### [Work task]
Find the line with "Students using robots in the classroom" and the line with "Southeast Collegiate proudly" in the entries below; output exactly those two lines, every line between them, and no others.

### [Input data]

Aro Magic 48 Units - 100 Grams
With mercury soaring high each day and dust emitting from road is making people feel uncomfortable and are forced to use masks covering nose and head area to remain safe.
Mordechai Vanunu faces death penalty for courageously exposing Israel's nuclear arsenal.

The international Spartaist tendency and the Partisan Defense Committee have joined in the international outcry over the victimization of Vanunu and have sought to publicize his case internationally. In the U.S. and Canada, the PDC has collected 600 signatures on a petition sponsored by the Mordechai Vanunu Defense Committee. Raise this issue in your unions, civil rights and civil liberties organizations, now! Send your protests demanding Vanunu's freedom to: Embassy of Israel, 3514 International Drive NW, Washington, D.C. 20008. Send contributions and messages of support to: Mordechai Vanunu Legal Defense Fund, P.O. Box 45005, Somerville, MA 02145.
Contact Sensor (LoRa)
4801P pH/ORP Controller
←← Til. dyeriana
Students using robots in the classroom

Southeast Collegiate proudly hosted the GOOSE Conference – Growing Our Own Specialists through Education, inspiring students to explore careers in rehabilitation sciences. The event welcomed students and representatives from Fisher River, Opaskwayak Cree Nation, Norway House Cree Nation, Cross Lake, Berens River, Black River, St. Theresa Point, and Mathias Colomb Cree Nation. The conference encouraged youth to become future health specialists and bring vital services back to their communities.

...

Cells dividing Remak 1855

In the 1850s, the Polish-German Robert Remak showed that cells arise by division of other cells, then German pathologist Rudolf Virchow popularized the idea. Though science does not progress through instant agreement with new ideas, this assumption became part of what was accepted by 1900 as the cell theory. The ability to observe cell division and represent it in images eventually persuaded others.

---

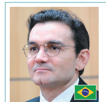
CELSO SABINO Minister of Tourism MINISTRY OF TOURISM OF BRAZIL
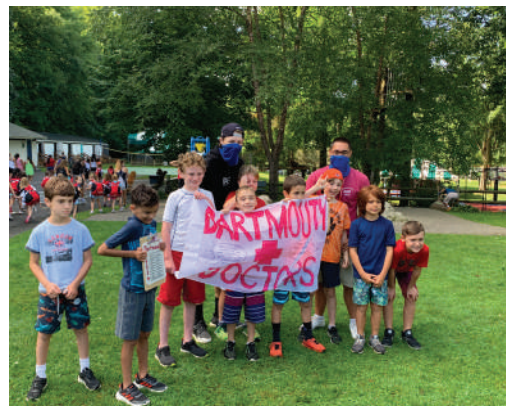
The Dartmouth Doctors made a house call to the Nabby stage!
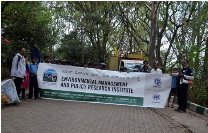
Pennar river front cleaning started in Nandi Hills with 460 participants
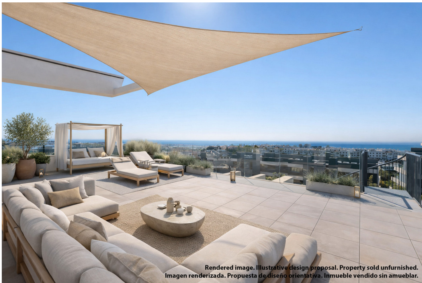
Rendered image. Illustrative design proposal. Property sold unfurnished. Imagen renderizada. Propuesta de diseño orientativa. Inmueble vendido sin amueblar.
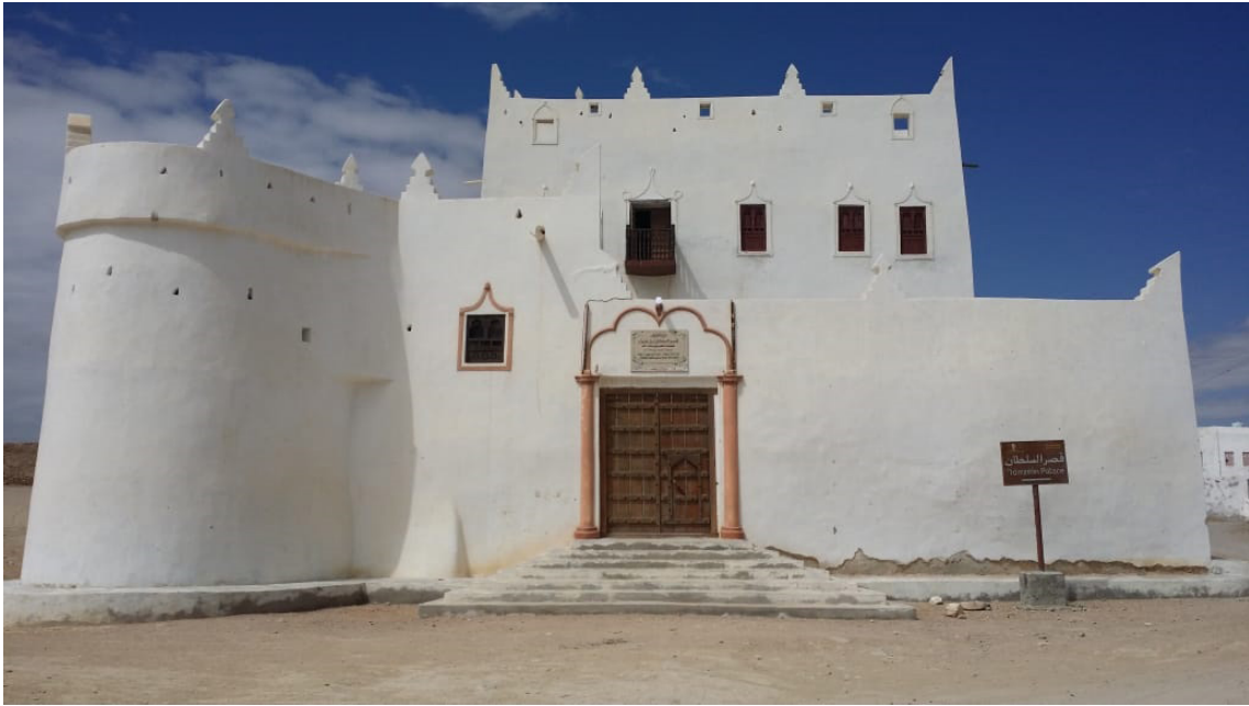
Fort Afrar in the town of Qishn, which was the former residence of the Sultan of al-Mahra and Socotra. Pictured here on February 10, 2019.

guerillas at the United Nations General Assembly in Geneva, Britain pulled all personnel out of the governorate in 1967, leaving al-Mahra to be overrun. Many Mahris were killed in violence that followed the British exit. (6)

### [Solution to the problem]
Students using robots in the classroom

Southeast Collegiate proudly hosted the GOOSE Conference – Growing Our Own Specialists through Education, inspiring students to explore careers in rehabilitation sciences. The event welcomed students and representatives from Fisher River, Opaskwayak Cree Nation, Norway House Cree Nation, Cross Lake, Berens River, Black River, St. Theresa Point, and Mathias Colomb Cree Nation. The conference encouraged youth to become future health specialists and bring vital services back to their communities.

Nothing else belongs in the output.